-- Data shown follows --

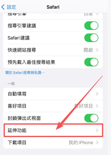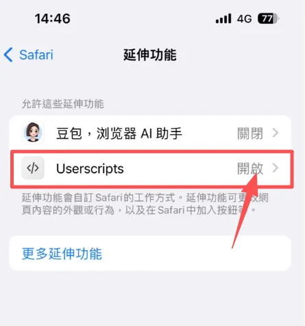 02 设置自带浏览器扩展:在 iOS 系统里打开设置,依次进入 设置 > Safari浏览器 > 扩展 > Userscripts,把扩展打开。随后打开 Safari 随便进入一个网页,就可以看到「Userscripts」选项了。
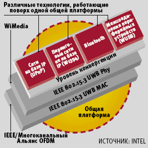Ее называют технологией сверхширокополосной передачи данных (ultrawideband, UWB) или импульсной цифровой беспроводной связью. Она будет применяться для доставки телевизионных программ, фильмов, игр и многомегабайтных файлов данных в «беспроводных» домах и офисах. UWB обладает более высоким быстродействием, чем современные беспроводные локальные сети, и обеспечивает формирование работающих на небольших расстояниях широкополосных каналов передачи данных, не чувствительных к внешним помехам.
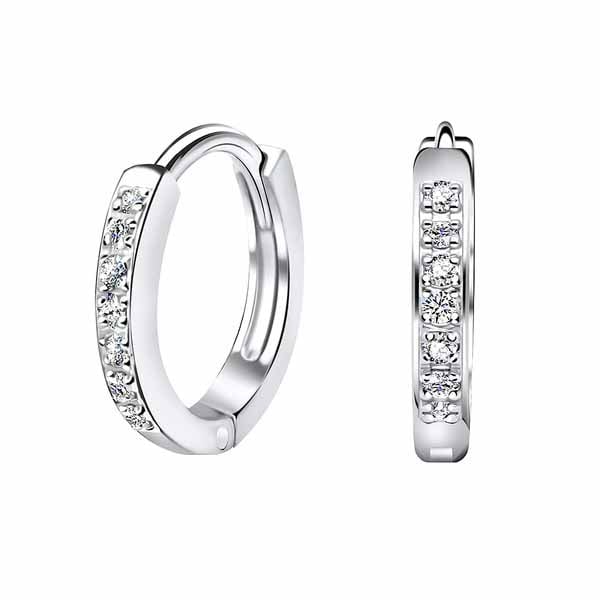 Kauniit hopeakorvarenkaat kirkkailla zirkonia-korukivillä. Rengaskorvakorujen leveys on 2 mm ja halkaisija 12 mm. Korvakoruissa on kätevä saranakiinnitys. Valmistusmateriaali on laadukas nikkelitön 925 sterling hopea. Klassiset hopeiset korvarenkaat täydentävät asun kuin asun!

-- Data shown concluded --

Task directions: Leave the images out. Set down all of the material above exactly.

Result of this exercise:
 02 设置自带浏览器扩展:在 iOS 系统里打开设置,依次进入 设置 > Safari浏览器 > 扩展 > Userscripts,把扩展打开。随后打开 Safari 随便进入一个网页,就可以看到「Userscripts」选项了。
Ее называют технологией сверхширокополосной передачи данных (ultrawideband, UWB) или импульсной цифровой беспроводной связью. Она будет применяться для доставки телевизионных программ, фильмов, игр и многомегабайтных файлов данных в «беспроводных» домах и офисах. UWB обладает более высоким быстродействием, чем современные беспроводные локальные сети, и обеспечивает формирование работающих на небольших расстояниях широкополосных каналов передачи данных, не чувствительных к внешним помехам.
 Kauniit hopeakorvarenkaat kirkkailla zirkonia-korukivillä. Rengaskorvakorujen leveys on 2 mm ja halkaisija 12 mm. Korvakoruissa on kätevä saranakiinnitys. Valmistusmateriaali on laadukas nikkelitön 925 sterling hopea. Klassiset hopeiset korvarenkaat täydentävät asun kuin asun!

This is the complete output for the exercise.